══ Data records

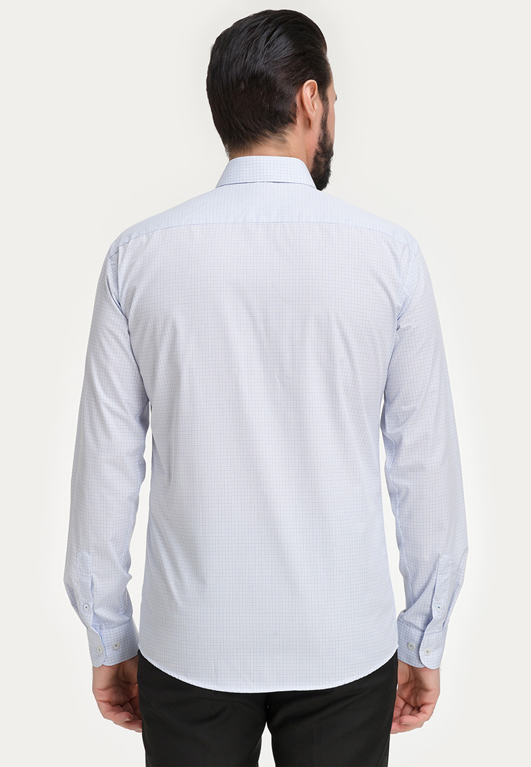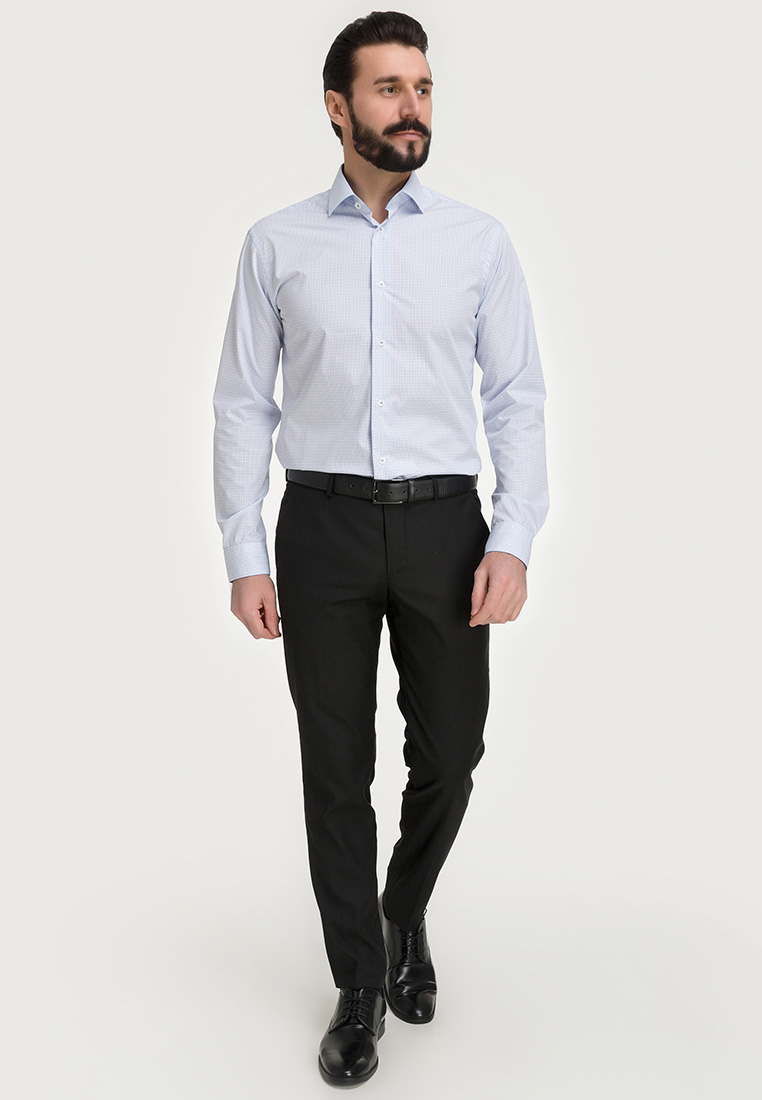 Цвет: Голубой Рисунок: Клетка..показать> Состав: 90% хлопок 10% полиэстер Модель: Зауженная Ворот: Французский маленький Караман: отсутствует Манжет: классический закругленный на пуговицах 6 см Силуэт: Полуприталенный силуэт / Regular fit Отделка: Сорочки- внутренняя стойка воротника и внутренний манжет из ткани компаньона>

════
══ Data records

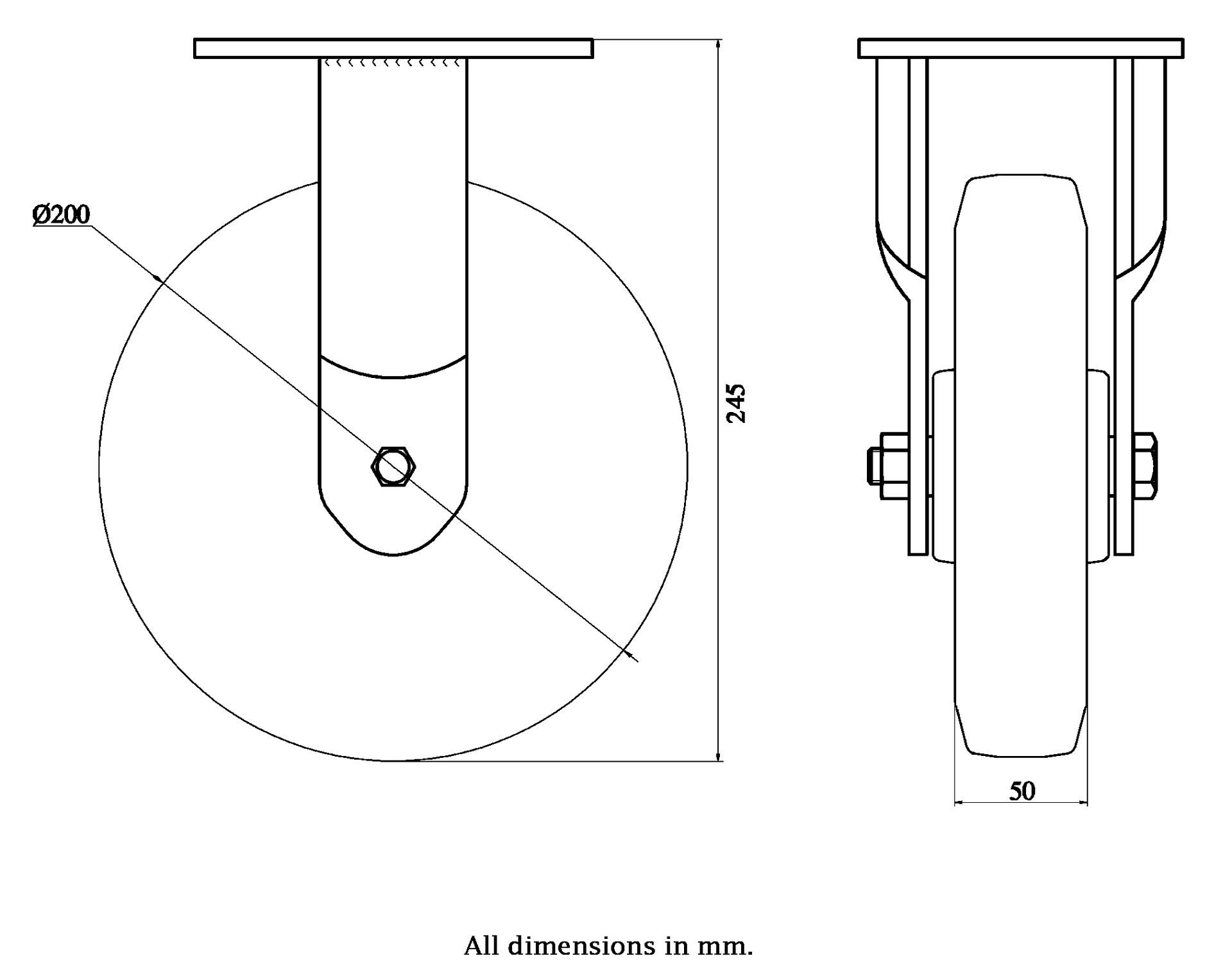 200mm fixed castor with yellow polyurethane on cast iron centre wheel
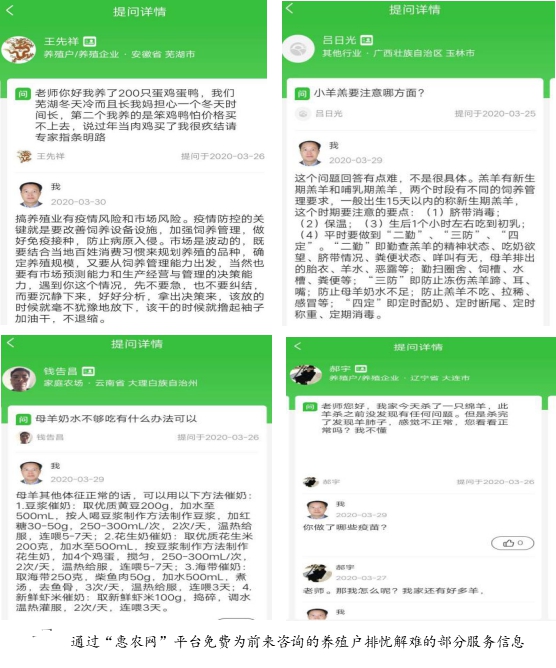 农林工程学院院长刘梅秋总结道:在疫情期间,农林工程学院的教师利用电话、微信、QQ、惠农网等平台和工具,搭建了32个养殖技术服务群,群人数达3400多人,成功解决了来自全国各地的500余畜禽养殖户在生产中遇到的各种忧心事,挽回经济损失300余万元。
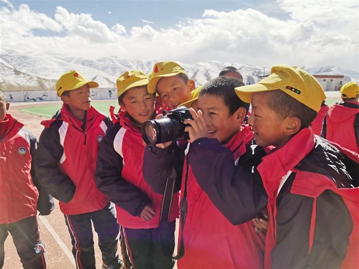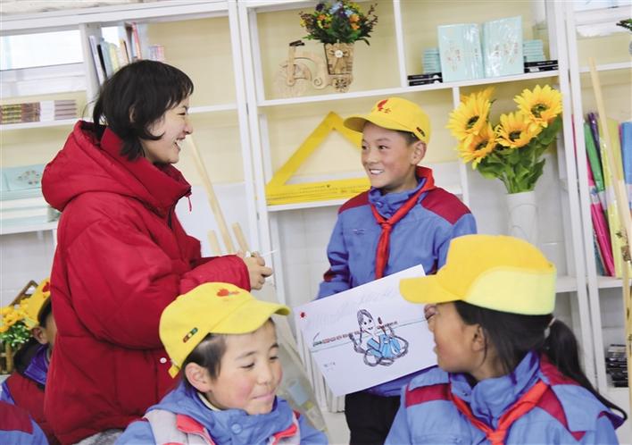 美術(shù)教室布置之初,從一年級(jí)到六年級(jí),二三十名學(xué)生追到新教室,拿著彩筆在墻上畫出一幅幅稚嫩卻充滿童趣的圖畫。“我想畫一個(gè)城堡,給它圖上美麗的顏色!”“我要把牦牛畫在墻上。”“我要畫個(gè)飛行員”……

════
══ Data records

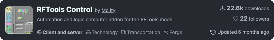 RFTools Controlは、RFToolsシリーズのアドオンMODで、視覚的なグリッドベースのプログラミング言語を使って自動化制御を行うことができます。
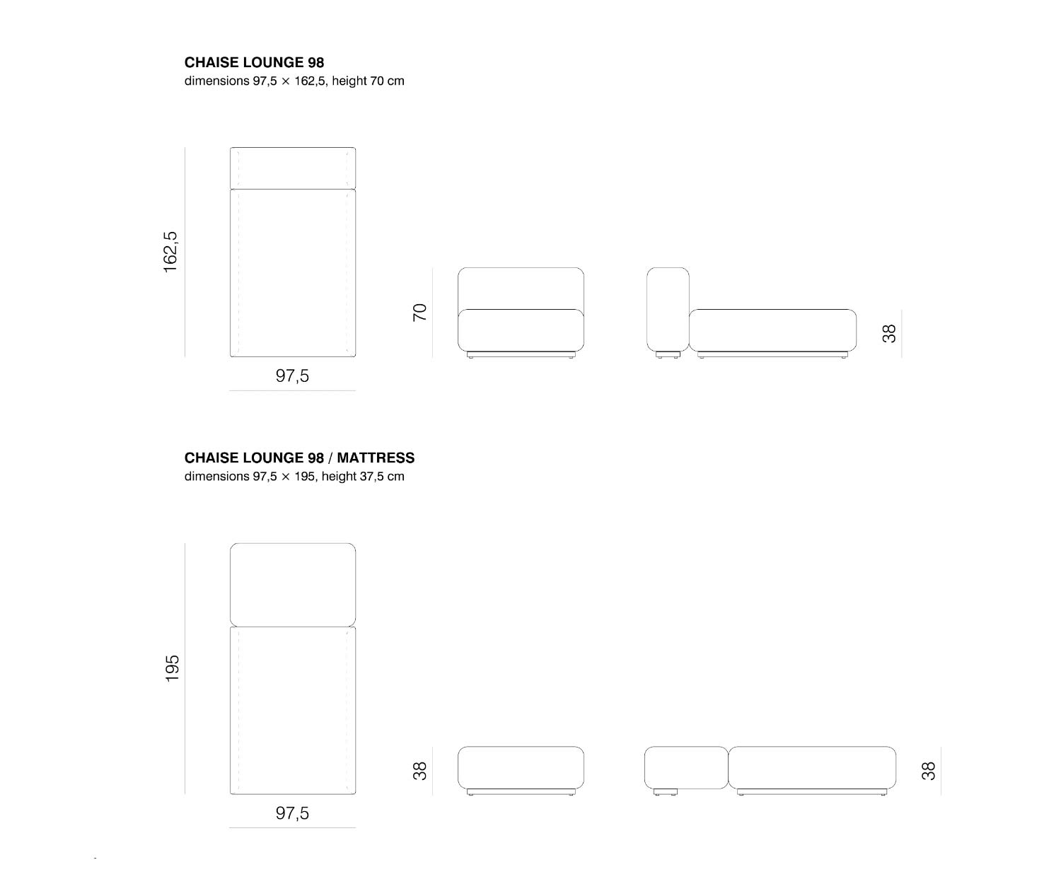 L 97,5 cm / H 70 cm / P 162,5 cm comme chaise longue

════

● **Assigned task**
Write down exactly what the lines above say, from the line holding "农林工程学院院长刘梅秋总结道" through the line holding "美術(shù)教室布置之初,從一年級(j", and nothing more. Do not copy the pictures.

● **Your solution**
 农林工程学院院长刘梅秋总结道:在疫情期间,农林工程学院的教师利用电话、微信、QQ、惠农网等平台和工具,搭建了32个养殖技术服务群,群人数达3400多人,成功解决了来自全国各地的500余畜禽养殖户在生产中遇到的各种忧心事,挽回经济损失300余万元。
 美術(shù)教室布置之初,從一年級(jí)到六年級(jí),二三十名學(xué)生追到新教室,拿著彩筆在墻上畫出一幅幅稚嫩卻充滿童趣的圖畫。“我想畫一個(gè)城堡,給它圖上美麗的顏色!”“我要把牦牛畫在墻上。”“我要畫個(gè)飛行員”……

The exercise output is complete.